Probably it should have an intermediate screen with language like: Maybe you meant one of these three things... and allow you to inspect and verify these results before inserting a specific one.

I agree that this is a problem that should be higher priority. Honestly, if a quick fix is desired, we could even disable the title search outright and only allow ISBN, etc. I have literally never had the correct item show up when I have used title search. Frankly, I had completely forgotten you even could title search with the citations tool.

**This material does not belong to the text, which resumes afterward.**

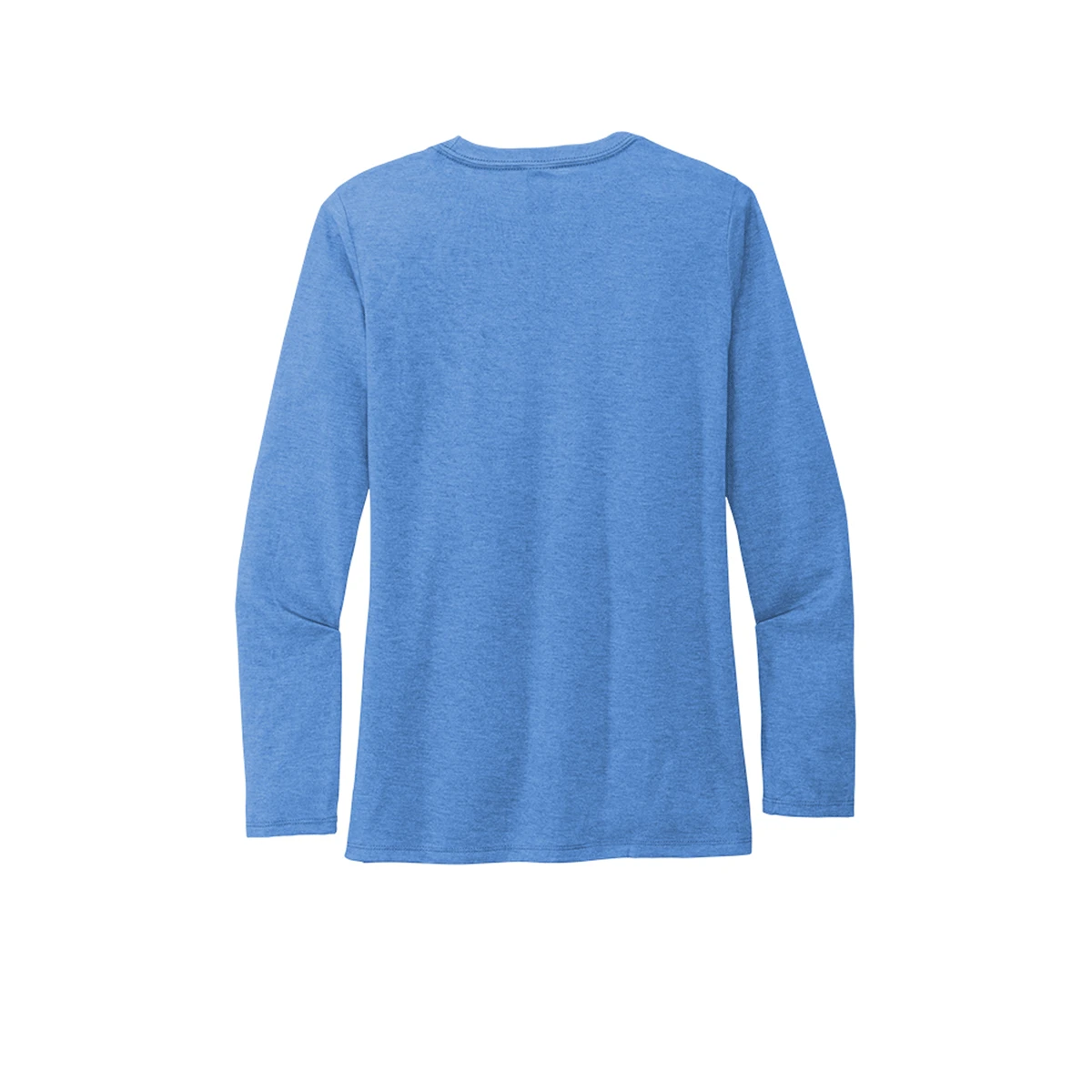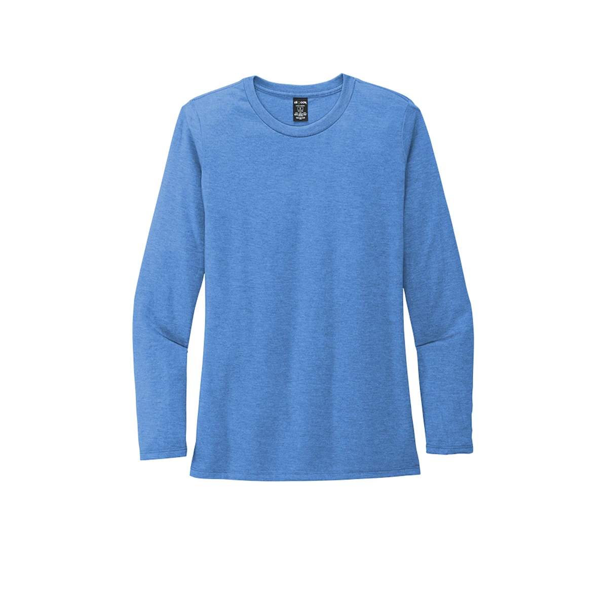 Add screen print to the Allmade Women’s Azure Blue Tri-Blend Long Sleeve Tee for a look that everyone can enjoy. Your custom logo will appear on this piece of sustainable clothing that is durable and fashion friendly. Add a company logo to use as employee gifts or uniform pieces in some industries. Easy to wear alone or layer when the weather is cooler, this long sleeve tee should be welcomed into every wardrobe. Recycled apparel is not only durable, but fashion forward while saving the earth. Each tee uses material the equivalent of up to six recycled plastic bottles.

Per offline discussion, we're going to:

  1. Build a PoC to explore the viability of showing multiple search results, per what @Mvolz described in T382446#10476282
  2. If "1." proves viable, prioritize work on improving the UX via T413679

Change #1223195 had a related patch set uploaded (by Mvolz; author: Mvolz):

[mediawiki/services/citoid@master] Return two results from CrossRef search

https://gerrit.wikimedia.org/r/1223195

Per offline discussion, we're going to:

  1. Build a PoC to explore the viability of showing multiple search results, per what @Mvolz described in T382446#10476282
  2. If "1." proves viable, prioritize work on improving the UX via T413679

This helps avoid confusion, but if we want to actually provide more useful search results to people, I would additionally suggest the following:

  1. Re-open discussions with worldcat to provide book search results T352571 or
  2. Search wikidata for books or
  3. Search open library for books T413785

And then:

Score results via Levenshtein distance or some other algorithm from original input, and possible implement a threshold.

Plausibly once the redesign happens we might also only want to return 1 or results if it looks like the others are too irrelevant based on distance.

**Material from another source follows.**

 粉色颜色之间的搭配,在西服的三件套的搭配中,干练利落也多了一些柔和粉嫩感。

Change #1223195 merged by jenkins-bot:

[mediawiki/services/citoid@master] Return two results from CrossRef search

https://gerrit.wikimedia.org/r/1223195

Mvolz raised the priority of this task from Low to Medium.

@Mvolz can you please update the task description with the experience you ended up implementing so that editing qa is equipped with the info. they need to verify this?

Mvolz renamed this task from Return >1 result from crossRef search in citoid service to Return >1 results from search in citoid service in the absence of a url, doi, isbn or pmcid/pmid.Jan 14 2026, 4:26 PM
Mvolz updated the task description. (Show Details)

@Mvolz can you please update the task description with the experience you ended up implementing so that editing qa is equipped with the info. they need to verify this?

I have done this and also moved it to the QA column, but to be honest I don't think this really needs QA as automated tests verify the number of citations in the back-end have now increased according to the description.

ldelench_wmf edited projects, added Skipped QA; removed Editing QA.